Paper X compares acquisition performance of two multiple-antenna based code acquisition schemes with the same implementation complexity. Both systems employ m receive antennas and an equal number of correlating elements. Performance of the two-dimensional delay-angle scheme (i.e., beamforming technique) and a one-dimensional code acquisition scheme exploiting antenna-diversity are compared. Operation in frequency nonselective fast Rayleigh fading channels is assumed. Interference is modelled as spatially and temporarily white.

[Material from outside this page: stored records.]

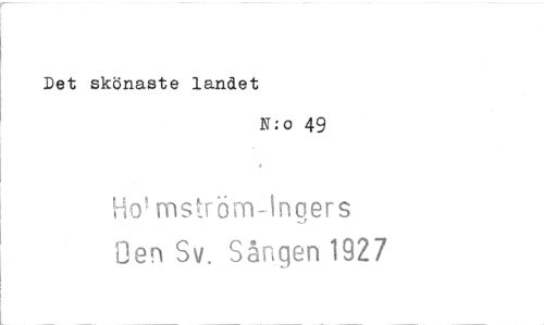 //// Det skönaste landet //// N:o 49 //// mströrn-ingers //// Den Sv. Sången 1927 ////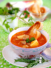 煲好的番茄牛肉汤香味浓郁、口感微微酸甜、开胃健脾,搭配上烤脆的法棍面包片,有肉汤、有主食,即成方便、美味又营养的一餐,番茄牛肉汤怎么做好吃?请看下面地铺行网番茄牛肉汤的做法图文讲解。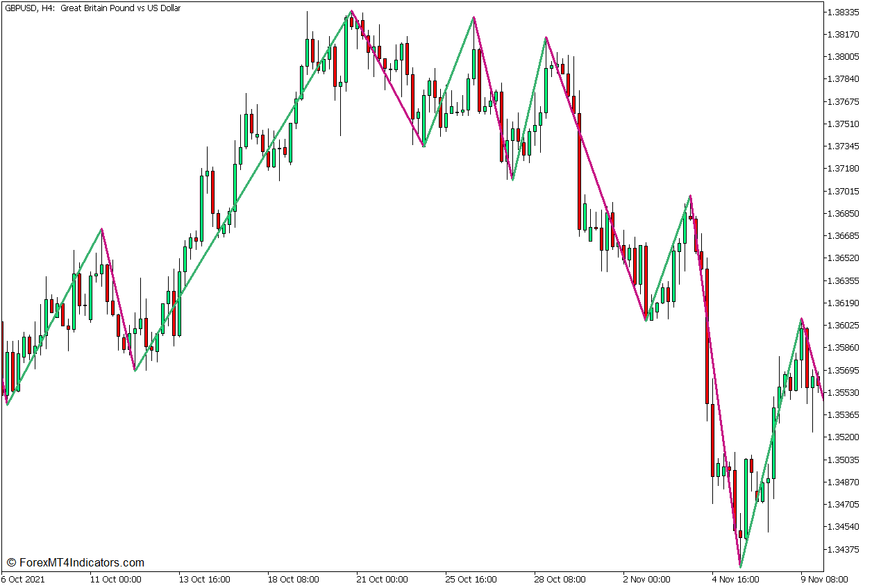 The Zigzag Color Indicator is a modified version of the classic Zigzag Indicator. It is a technical trading tool that allows traders to objectively identify the swing highs and swing lows of price action, which is vital for visualizing the market structure of any tradeable instrument.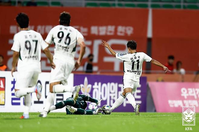 전북은 후반 10분 김대원의 페널티킥 득점으로 끌려갔지만 후반 추가시간 기사회생했다. 티아고가 페널티킥 골로 동점을 만든 뒤 츄마시가 역전골에 성공하며 경기를 뒤집었다. 극적인 승리를 거둔 전북은 부천FC를 꺾은 광주FC와 우승컵을 놓고 다툰다.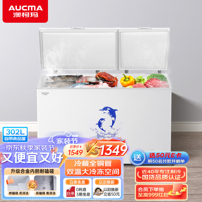 澳柯玛(AUCMA)302升 冰柜家用双温双箱商用家用大容量冰柜卧式冰柜囤货冷柜冷藏全铜管BCD-302CNE以旧换新价格:1399.00元!

a) Code acquisition with diversity antennas: A receiver with enough antenna interelement separation as to guarantee an independent fading processes on each of the m branches is considered. Associated with each branch there is a noncoherent correlator. The outputs of the correlators are combined to form a decision variable y that is compared to a given threshold. Acquisition performance is assessed by first computing the values of PFA and PD. These probabilities are obtained by taking into account that the pdf of the decision variable y follows a central or noncentral chi-square distribution with 2m degrees of freedom, depending on whether the cell being tested corresponds to a nonsynchro or synchro position, respectively. The probability PFA is obtained numerically while PD is computed as the average probability of detection resulting from a large number of realizations of the (1 x m) channel. Due to the complexity of the averaging process for providing exact results, performance measures for this case are obtained by resorting to some approximations.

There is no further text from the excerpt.